JUICY!!! Do you like that? Do you like looking at this damned thing and immediately hearing the word "JUICY?" HAPPY BIRTHDAY!!!

There are so many ways this design looks like so many kinds of distorted genitalia at once. You always know you've made a masterfully disturbing monster when it's difficult to tell apart from the darkest, deepest depths of internet fetish art.


In the end, that big, gooey blossom turns out to be more of an incubation stage for a smaller, lighter, fully airborne Alexia, unless this form is just a last-ditch effort to save what she can of herself, it's not entirely clear. I love the eyes in her "hair," though; it's more like her head is forming a new, more alien mouth that will eventually swallow up what's left of her human face. This is definitely one I'd have loved to see mutating even further than this, though she also gets a variant form in one of the spin-off games we'll check out soon enough!
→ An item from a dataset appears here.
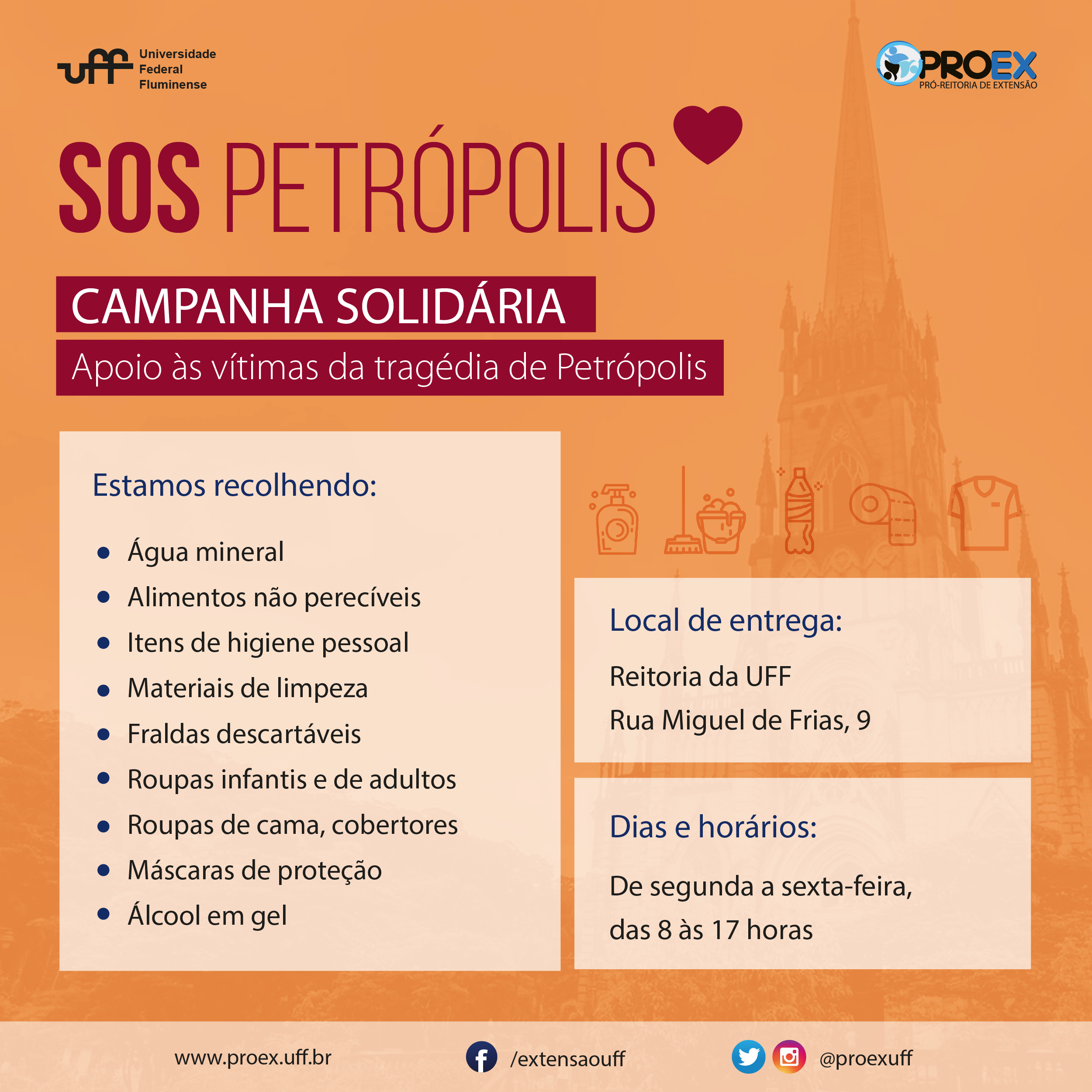 #ProexEmAção Atenção! A Pró-Reitoria de Extensão a Universidade Federal Fluminense – UFF, está coordenando a Campanha Solidária “SOS Petrópolis” para às vítimas da tragédia. Informamos que a Defesa Civil de Petrópolis agradece as doações e comunica que não há mais a necessidade da doação de roupas. Continuem contribuindo com os demais itens! As doações serão entregues no saguão da Reitoria – UFF em Icaraí até o dia 24/02 das 8h às 17h de segunda a sexta-feira.

Code: Veronica really felt like it was meant to be the end of a grand trilogy. The first game introduced us to a spooky, secret mansion full of nefarious experiments. The second unleashed those experiments upon an entire city and revealed just how vast a conspiracy we were dealing with. Code: Veronica takes us straight up to the top, or so we think, to face the wealthy egomaniacs funding all this nonsense.